Тут выяснилось, что дамы вообще не из системы «Ятагана» – тогда бармен цветисто их обругал и бросился к телефону, объясняя, как вот сейчас придут страхователи и такой фикус им дадут, что они на всю жизнь запомнят. Услышав название страхового объединения, дамы поняли, что дела принимают крутой оборот, и вымелись сами; Юрий довольно потер руки и достал из холодильника по пиву для Фомы и Симы.
– Фикус им мутировал, – продолжал кипятиться он. – Люди целыми днями тут торчат – картами щелкают, а они про фикус забеспокоились. О людях почему не думают? Обо мне, если на то пошло: и я тут по восемь часов торчу, а еще не мутировал…
– Это ты так думаешь, – поддел его Фома, – все мы здесь мутировали, только под закон о защите животных не подпадаем.
Они с Симой устроились за пустым столиком возле бара; Фома отодвинул столик чуть подальше от хищного фикуса-мутанта и отхлебнул пива.

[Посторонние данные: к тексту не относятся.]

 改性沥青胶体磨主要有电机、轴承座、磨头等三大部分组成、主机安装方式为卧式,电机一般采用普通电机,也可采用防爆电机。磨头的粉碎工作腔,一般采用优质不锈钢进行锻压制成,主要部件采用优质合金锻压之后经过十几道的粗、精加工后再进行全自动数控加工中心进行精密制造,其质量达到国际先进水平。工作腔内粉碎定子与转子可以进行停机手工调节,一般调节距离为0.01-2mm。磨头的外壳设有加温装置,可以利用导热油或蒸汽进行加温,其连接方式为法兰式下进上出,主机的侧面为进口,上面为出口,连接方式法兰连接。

– Что-то много в последнее время у нас по институту всяких посторонних шататься стало, – заметил Сима, имея в виду, видимо, двух дам, поднявших скандал с Юрием. – И суют нос во все, что их не касается. Со мной тут вчера заговорил один в кафе на втором этаже, рядом с запасной лестницей, и – на' тебе – напрямик меня спрашивает, как ему на седьмой этаж подняться. Я ему: «Да ты что, сдурел, что ли? Да знай я даже, как туда попасть, он что, от папки в наследство тебе достался, что ли, седьмой этаж этот?» Не говоря уж о том, что ятаганцы-то наверняка ему кое-какие органы пооборвут, если наверху поймают…
– Какого института седьмой этаж? – перебил его Фома.
– Нашего, какого же еще.
– Погоди, так у нас же только шесть этажей! Три наших и три – «Ятагана»…

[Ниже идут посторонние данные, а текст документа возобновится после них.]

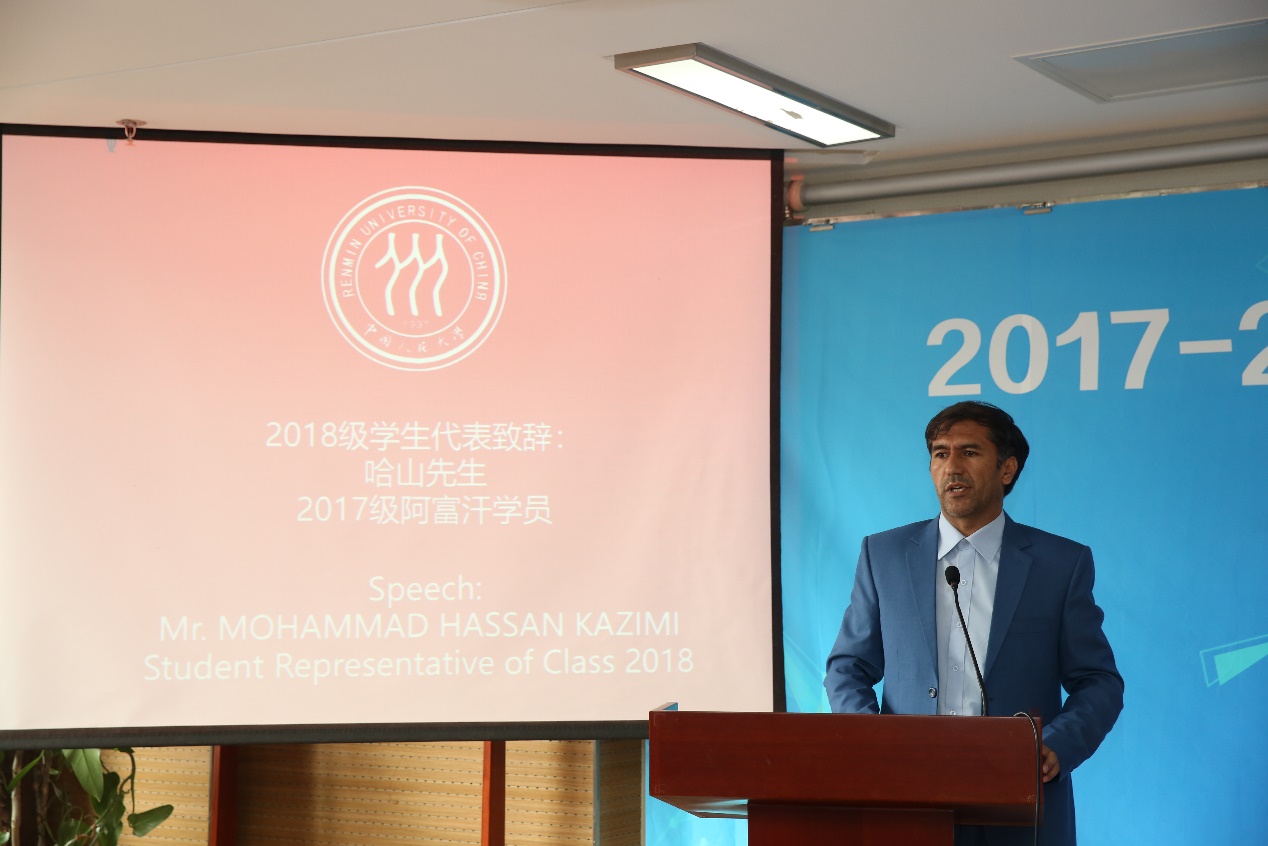 接着,2018级哈山先生代表在校生向2017级毕业的学员们表达了祝贺。他表示在人民大学的两年学习生活是一种独特的经历,毕业是人生新篇章的开始,更重要的是把所学应用到行动中去,正如一位学者所说,“知识不会帮助我们,除非它改变我们的态度,而态度不会帮助我们,除非它改变我们的行为。”他还表示,对中国经济模式的学习将会帮助毕业生们成为自己国家经济变革的推动者和促进国家与国家之间合作的使者。最后,哈山先生表达了对项目提供资金支持的中国政府和商务部的感谢,以及对人民大学Hcoimc 的各位老师和工作人员的感谢。

– Ты что, не знаешь, что ли? – недоверчиво прищурил глаза Сима.
– Я что, дебил? Шесть их.
– Значит, дебил, – сказал Сима и откинулся на спинку стула. Некоторое время оба молчали, потом Фома спросил:
– Ты, вообще, что хотел рассказать про седьмой этаж-то этот?
– Ничего. Но тот тип, представь себе, не только знал о нем, но еще и подняться туда хотел…
– Да он спятил, наверно! Нельзя их с улицы сосчитать, что ли, этажи эти – что их шесть?
Сима отпил пива, наклонился вперед и, понизив голос, таинственно зашептал:
– Фома, у нашего института есть седьмой этаж. Он на самом верху, над офисами «Ятагана»… И самое интересное, что его видно и с улицы, но только с одного особого места – тут, недалеко. С любого другого места видно только шесть этажей, а оттуда – семь… Хочешь – я прямо сейчас тебя туда свожу.
– И ты рехнулся, – без колебаний поставил диагноз Фома. – Спятил и теперь только расклеиваешь тупоумные записки по дверям коллег. Или, в лучшем случае, внутренние часы у тебя остановились на первом апреля…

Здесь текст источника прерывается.